On the transportation front, as we move toward this world of autonomous mobility, the way that we’re going to do so efficiently and safely is by leveraging data that comes from the vehicles … but also data coming from the infrastructure. That data could be video, could be Lidar or could be other sensor [data] that is collected from streetlights and traffic signals distributed throughout the city, and it can be used in real time with very low latency to better inform the movement of those vehicles around the city.

GCN: What back-office applications will 5G improve?

Harrington: There will be far more -- an order of magnitude to two orders of magnitude -- connected devices and assets that are city-owned, -operated or just even managed as we transition into this world of 5G. It will become far more cost-effective and feasible to put connectivity into devices that weren’t previously connected, whether those are police cars or streetlights, traffic signals and traffic cabinets, video sensors, etc.

When you say back office, that really means there’s asset management and data aggregation. And taking advantage of that data through machine learning and [artificial intelligence] comes with the transition of 5G because there’s just going to be so much more data coming from sensors and devices that are deployed out in the field.

GCN: A major component of smart cities is the internet of things. What do smart cities need to manage IoT data and how will 5G enable that?

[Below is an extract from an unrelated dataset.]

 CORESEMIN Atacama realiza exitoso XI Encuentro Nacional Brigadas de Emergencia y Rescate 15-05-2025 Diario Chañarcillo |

Harrington: I think of the internet of things as in part as putting connectivity into a device that was already in use somewhere in a city or in a home … to understand its status. That is certainly happening with smart parking meters, for example.…  We’re able to determine in real time which areas of the city have more parking meters being occupied than not and that can inform enforcement officers and so on. We’re also deploying new sensors. Blanketing a street with a traffic-detection sensor that is powered through video -- not just putting a radio in a streetlight. This is actually about putting in place a whole set of new sensors and new devices to enable greater efficiency, safety, cost savings.… 5G effectively enables effectively the bandwidth of a wired connection but wirelessly, which means lower latency. So it provides the ability to process data in single-digit millisecond latency vs. hundreds of milliseconds of latency as well as the compute and storage and analytic capabilities near the edge of the network.

GCN: Is it also better in that it is more secure and requires less power?

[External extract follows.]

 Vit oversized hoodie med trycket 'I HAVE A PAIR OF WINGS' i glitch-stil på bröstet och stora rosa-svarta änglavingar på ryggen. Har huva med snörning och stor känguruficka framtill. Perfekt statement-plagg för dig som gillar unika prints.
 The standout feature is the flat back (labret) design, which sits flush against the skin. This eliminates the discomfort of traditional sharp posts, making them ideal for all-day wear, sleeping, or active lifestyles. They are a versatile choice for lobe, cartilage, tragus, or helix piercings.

Harrington: The network is designed to manage billions of devices vs. millions and to do so in an energy-efficient way. Certainly, [5G offers] a significant energy-efficiency improvement over LTE on a per-unit-of-data bandwidth throughput. As we go from one generation of technology to the next, there is an emphasis on continually improving the security protocols that are used.

GCN: What stage is the technology in now?

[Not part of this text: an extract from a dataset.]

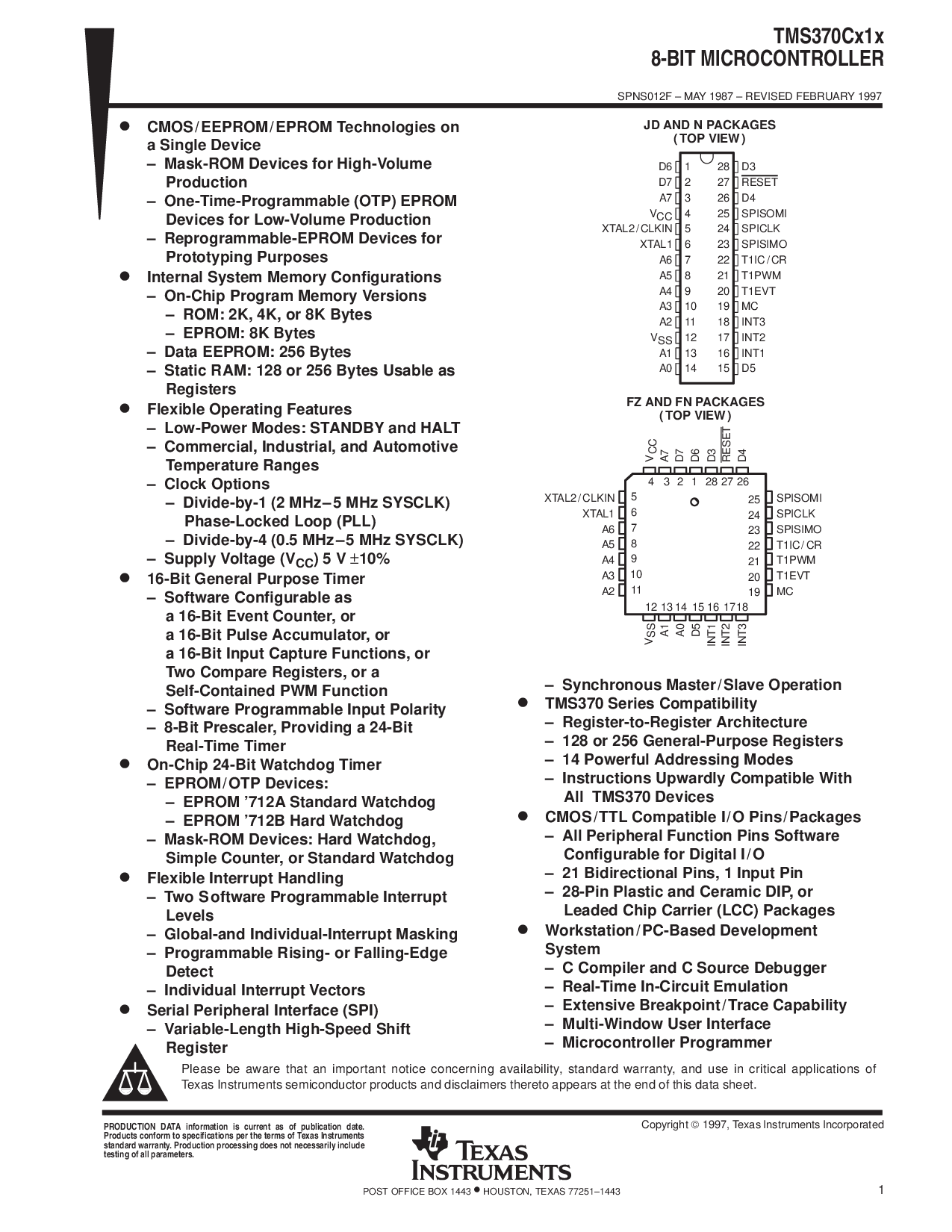 浏览型号TMS370C012A的Datasheet PDF文件第2页

Harrington: We’re excited to have launched our first four markets with 5G Home in 2018, Sacramento among them. The same infrastructure that is used for the 5G Home service -- which is the in-home broadband fixed wireless internet service that we’re offering to residential customers with gigabit fiber-like speeds but through that wireless 5G connection -- we are using with some initial smart city use cases in Sacramento. We’re validating the 5G application features and use cases in the near term, and then we’ll be looking to roll those into full-fledged product offerings that leverage 5G starting in 2019 as the 5G footprint continues to expand across the U.S.

GCN:  What should cities consider in terms of getting connected?

Harrington: The recommendation we have is to really make sure cities are being thoughtful and preparing now for 5G because it is here. This is not a future, aspirational technology. It’s being deployed as we speak. Cities should determine what they are trying to accomplish and what they have now.  And then that will start to lead to a plan and better-informed conversations.

Editor's note: This article was changed Jan. 4 to clarify the capabilities being rolled out.